→ **Data records**
##############################

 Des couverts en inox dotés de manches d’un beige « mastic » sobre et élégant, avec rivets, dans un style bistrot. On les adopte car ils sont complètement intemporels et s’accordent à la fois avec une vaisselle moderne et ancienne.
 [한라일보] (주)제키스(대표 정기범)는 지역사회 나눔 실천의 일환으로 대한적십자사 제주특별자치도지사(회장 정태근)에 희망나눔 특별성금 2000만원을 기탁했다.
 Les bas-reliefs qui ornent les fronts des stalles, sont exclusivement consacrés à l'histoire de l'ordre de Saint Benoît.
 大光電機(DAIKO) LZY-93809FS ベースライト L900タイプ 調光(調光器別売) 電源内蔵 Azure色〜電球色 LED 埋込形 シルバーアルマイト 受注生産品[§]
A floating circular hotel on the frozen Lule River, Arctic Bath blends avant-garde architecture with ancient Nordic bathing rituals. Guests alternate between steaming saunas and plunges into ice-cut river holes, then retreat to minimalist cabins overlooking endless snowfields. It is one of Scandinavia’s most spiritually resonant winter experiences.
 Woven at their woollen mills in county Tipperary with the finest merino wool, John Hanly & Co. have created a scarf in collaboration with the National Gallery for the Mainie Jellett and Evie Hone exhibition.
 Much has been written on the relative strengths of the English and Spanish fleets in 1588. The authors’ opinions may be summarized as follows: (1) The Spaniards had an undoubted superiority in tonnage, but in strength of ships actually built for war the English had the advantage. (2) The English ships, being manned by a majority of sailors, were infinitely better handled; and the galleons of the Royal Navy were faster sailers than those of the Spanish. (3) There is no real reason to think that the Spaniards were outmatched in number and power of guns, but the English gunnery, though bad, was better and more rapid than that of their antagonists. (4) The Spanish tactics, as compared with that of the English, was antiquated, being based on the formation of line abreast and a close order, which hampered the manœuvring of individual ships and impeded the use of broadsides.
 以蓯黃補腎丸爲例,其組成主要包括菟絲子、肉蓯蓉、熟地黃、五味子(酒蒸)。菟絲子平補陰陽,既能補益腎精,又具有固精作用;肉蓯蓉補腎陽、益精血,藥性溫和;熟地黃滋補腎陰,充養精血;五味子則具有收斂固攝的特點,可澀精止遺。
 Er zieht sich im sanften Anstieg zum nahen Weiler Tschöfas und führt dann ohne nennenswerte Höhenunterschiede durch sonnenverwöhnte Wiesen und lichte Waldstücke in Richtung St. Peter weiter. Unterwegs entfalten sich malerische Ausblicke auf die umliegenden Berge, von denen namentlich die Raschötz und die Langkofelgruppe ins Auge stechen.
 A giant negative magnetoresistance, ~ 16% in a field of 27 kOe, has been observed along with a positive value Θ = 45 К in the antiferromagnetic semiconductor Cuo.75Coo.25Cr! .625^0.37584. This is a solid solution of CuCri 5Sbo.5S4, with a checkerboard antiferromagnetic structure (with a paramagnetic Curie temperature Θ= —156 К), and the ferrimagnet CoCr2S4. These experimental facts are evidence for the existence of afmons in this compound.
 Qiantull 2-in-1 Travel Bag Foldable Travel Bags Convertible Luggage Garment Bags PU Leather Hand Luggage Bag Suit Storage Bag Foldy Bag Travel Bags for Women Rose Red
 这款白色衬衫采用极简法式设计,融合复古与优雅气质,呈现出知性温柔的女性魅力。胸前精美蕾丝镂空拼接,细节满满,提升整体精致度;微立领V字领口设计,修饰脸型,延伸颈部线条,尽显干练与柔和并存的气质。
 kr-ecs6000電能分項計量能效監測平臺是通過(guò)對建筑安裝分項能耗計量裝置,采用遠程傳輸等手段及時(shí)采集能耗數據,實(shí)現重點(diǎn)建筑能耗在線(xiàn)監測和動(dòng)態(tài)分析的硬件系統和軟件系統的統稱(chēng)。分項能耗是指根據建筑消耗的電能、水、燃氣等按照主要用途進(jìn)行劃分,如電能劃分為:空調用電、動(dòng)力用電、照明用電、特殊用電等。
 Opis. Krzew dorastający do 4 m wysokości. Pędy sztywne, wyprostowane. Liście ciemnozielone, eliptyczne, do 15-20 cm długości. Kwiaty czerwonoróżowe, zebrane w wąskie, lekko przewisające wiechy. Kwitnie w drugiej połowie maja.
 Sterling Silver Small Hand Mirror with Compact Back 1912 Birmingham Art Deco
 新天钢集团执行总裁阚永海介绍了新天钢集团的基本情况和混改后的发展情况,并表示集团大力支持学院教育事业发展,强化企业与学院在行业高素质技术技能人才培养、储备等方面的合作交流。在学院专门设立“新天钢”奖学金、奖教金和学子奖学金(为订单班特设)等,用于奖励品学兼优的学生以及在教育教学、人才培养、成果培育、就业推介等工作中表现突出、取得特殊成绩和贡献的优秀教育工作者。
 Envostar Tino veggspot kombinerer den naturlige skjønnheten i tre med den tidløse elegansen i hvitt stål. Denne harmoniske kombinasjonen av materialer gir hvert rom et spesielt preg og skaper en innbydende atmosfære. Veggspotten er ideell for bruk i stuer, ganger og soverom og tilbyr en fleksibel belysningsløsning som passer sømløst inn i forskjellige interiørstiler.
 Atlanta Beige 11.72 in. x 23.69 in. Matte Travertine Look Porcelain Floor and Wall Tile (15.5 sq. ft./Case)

##############################

→ **WORK INSTRUCTION**
Return every record exactly as it was given.

→ **RESULT OF THE TASK**
 Des couverts en inox dotés de manches d’un beige « mastic » sobre et élégant, avec rivets, dans un style bistrot. On les adopte car ils sont complètement intemporels et s’accordent à la fois avec une vaisselle moderne et ancienne.
 [한라일보] (주)제키스(대표 정기범)는 지역사회 나눔 실천의 일환으로 대한적십자사 제주특별자치도지사(회장 정태근)에 희망나눔 특별성금 2000만원을 기탁했다.
 Les bas-reliefs qui ornent les fronts des stalles, sont exclusivement consacrés à l'histoire de l'ordre de Saint Benoît.
 大光電機(DAIKO) LZY-93809FS ベースライト L900タイプ 調光(調光器別売) 電源内蔵 Azure色〜電球色 LED 埋込形 シルバーアルマイト 受注生産品[§]
A floating circular hotel on the frozen Lule River, Arctic Bath blends avant-garde architecture with ancient Nordic bathing rituals. Guests alternate between steaming saunas and plunges into ice-cut river holes, then retreat to minimalist cabins overlooking endless snowfields. It is one of Scandinavia’s most spiritually resonant winter experiences.
 Woven at their woollen mills in county Tipperary with the finest merino wool, John Hanly & Co. have created a scarf in collaboration with the National Gallery for the Mainie Jellett and Evie Hone exhibition.
 Much has been written on the relative strengths of the English and Spanish fleets in 1588. The authors’ opinions may be summarized as follows: (1) The Spaniards had an undoubted superiority in tonnage, but in strength of ships actually built for war the English had the advantage. (2) The English ships, being manned by a majority of sailors, were infinitely better handled; and the galleons of the Royal Navy were faster sailers than those of the Spanish. (3) There is no real reason to think that the Spaniards were outmatched in number and power of guns, but the English gunnery, though bad, was better and more rapid than that of their antagonists. (4) The Spanish tactics, as compared with that of the English, was antiquated, being based on the formation of line abreast and a close order, which hampered the manœuvring of individual ships and impeded the use of broadsides.
 以蓯黃補腎丸爲例,其組成主要包括菟絲子、肉蓯蓉、熟地黃、五味子(酒蒸)。菟絲子平補陰陽,既能補益腎精,又具有固精作用;肉蓯蓉補腎陽、益精血,藥性溫和;熟地黃滋補腎陰,充養精血;五味子則具有收斂固攝的特點,可澀精止遺。
 Er zieht sich im sanften Anstieg zum nahen Weiler Tschöfas und führt dann ohne nennenswerte Höhenunterschiede durch sonnenverwöhnte Wiesen und lichte Waldstücke in Richtung St. Peter weiter. Unterwegs entfalten sich malerische Ausblicke auf die umliegenden Berge, von denen namentlich die Raschötz und die Langkofelgruppe ins Auge stechen.
 A giant negative magnetoresistance, ~ 16% in a field of 27 kOe, has been observed along with a positive value Θ = 45 К in the antiferromagnetic semiconductor Cuo.75Coo.25Cr! .625^0.37584. This is a solid solution of CuCri 5Sbo.5S4, with a checkerboard antiferromagnetic structure (with a paramagnetic Curie temperature Θ= —156 К), and the ferrimagnet CoCr2S4. These experimental facts are evidence for the existence of afmons in this compound.
 Qiantull 2-in-1 Travel Bag Foldable Travel Bags Convertible Luggage Garment Bags PU Leather Hand Luggage Bag Suit Storage Bag Foldy Bag Travel Bags for Women Rose Red
 这款白色衬衫采用极简法式设计,融合复古与优雅气质,呈现出知性温柔的女性魅力。胸前精美蕾丝镂空拼接,细节满满,提升整体精致度;微立领V字领口设计,修饰脸型,延伸颈部线条,尽显干练与柔和并存的气质。
 kr-ecs6000電能分項計量能效監測平臺是通過(guò)對建筑安裝分項能耗計量裝置,采用遠程傳輸等手段及時(shí)采集能耗數據,實(shí)現重點(diǎn)建筑能耗在線(xiàn)監測和動(dòng)態(tài)分析的硬件系統和軟件系統的統稱(chēng)。分項能耗是指根據建筑消耗的電能、水、燃氣等按照主要用途進(jìn)行劃分,如電能劃分為:空調用電、動(dòng)力用電、照明用電、特殊用電等。
 Opis. Krzew dorastający do 4 m wysokości. Pędy sztywne, wyprostowane. Liście ciemnozielone, eliptyczne, do 15-20 cm długości. Kwiaty czerwonoróżowe, zebrane w wąskie, lekko przewisające wiechy. Kwitnie w drugiej połowie maja.
 Sterling Silver Small Hand Mirror with Compact Back 1912 Birmingham Art Deco
 新天钢集团执行总裁阚永海介绍了新天钢集团的基本情况和混改后的发展情况,并表示集团大力支持学院教育事业发展,强化企业与学院在行业高素质技术技能人才培养、储备等方面的合作交流。在学院专门设立“新天钢”奖学金、奖教金和学子奖学金(为订单班特设)等,用于奖励品学兼优的学生以及在教育教学、人才培养、成果培育、就业推介等工作中表现突出、取得特殊成绩和贡献的优秀教育工作者。
 Envostar Tino veggspot kombinerer den naturlige skjønnheten i tre med den tidløse elegansen i hvitt stål. Denne harmoniske kombinasjonen av materialer gir hvert rom et spesielt preg og skaper en innbydende atmosfære. Veggspotten er ideell for bruk i stuer, ganger og soverom og tilbyr en fleksibel belysningsløsning som passer sømløst inn i forskjellige interiørstiler.
 Atlanta Beige 11.72 in. x 23.69 in. Matte Travertine Look Porcelain Floor and Wall Tile (15.5 sq. ft./Case)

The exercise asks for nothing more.